# Homeschooling in California (opinions from other states welcome)



## Loriann1971 (Sep 1, 2005)

We moved to California last fall. My daughter is attending second grade at the local public school, but we think homeschooling is a better option for third grade.

I have been researching homeschooling in California and it seems there are four ways to do it. You can declare yourself a private school, enroll in a private school homeschool program, enroll in a public school homeschool program or if you have a credential you can declare yourself a tutor.

If you live in California and homeschool, which option did you choose and why?

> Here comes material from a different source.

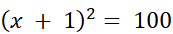 Przenieś wyrażenie w nawiasie na jedną stronę równania i 100 na drugą stronę równania. Spierwiastkuj równanie obustronnie i zapisz rozwiązania równania.

If you live in another state, I would love to hear about how you "enrolled" your child in homeschooling. (or what kind of accountability program your state requires.)


----------



## bajiay (Apr 8, 2008)

We live in MT, and homeshcooling here is not a big deal. We declare ourselves a private school, and that is all we have to do, other than sending in the form, and immunization excemption record. Oh, I guess we do have to keep track of our days. Need 180. That's all. Good luck!


----------



## Sonshine (Jul 27, 2007)

I've homeschooled in both Georgia and Florida. In Florida all you have to do is send a letter of intent to homeschool and once a year the child has to be tested by a certified teacher or developmental specialist. In Georgia you file your letter of intent and all you have to do is send in a monthly attendance report.


----------



## Sonshine (Jul 27, 2007)

One thing I would suggest, no matter where you homeschool is to become a member of the homeschool legal defense. It's not that expensive and it's good to have an attorney on hand that is familiar with the laws in your state.


----------



## Mme_Pickles (Nov 15, 2011)

Not sure about California stuff but the HSLDA website is a great one for state-specific info! HSLDA: Homeschooling Advocates since 1983 
We live in MO and really don't have to do anything. But we have homeschooled in both MD and OH, which each require different things. In MD, we had to be part of an umbrella group or a private school. We had assessments due at the end of each school year. In OH, we had to declare in writing to the local school that we intended to homeschool and give some kind of account of what we intended to do that year and also the materials we planned on using. At the end of the year, we could either do the state testing or do an assessment with a certified teacher. We always chose the latter as we could then sit with this person and chat about the kids' improvements, gain some ideas for how to handle different learning challenges and such. We made up portfolios basically showing their progress through the year. Even though MO requires none of that, we still put together portfolios and I've been tracking grades as my kiddos are getting older. (5th, 6th, and 7th grades!) 
Sorry that was a bit long! Hope it helps some. And the best to you as you consider homeschooling!


----------



## Loriann1971 (Sep 1, 2005)

I think that is the way we will do it. At first, sorting through all the options seemed overwhelming, but now that I have read a bit more, it seems pretty simple to declare yourself a private school.


----------



## Loriann1971 (Sep 1, 2005)

Thank you all for your suggestions! I spent ten years teaching elementary school, before I had kids, so I am looking forward to the teaching part. I just had no clue how to get it all started.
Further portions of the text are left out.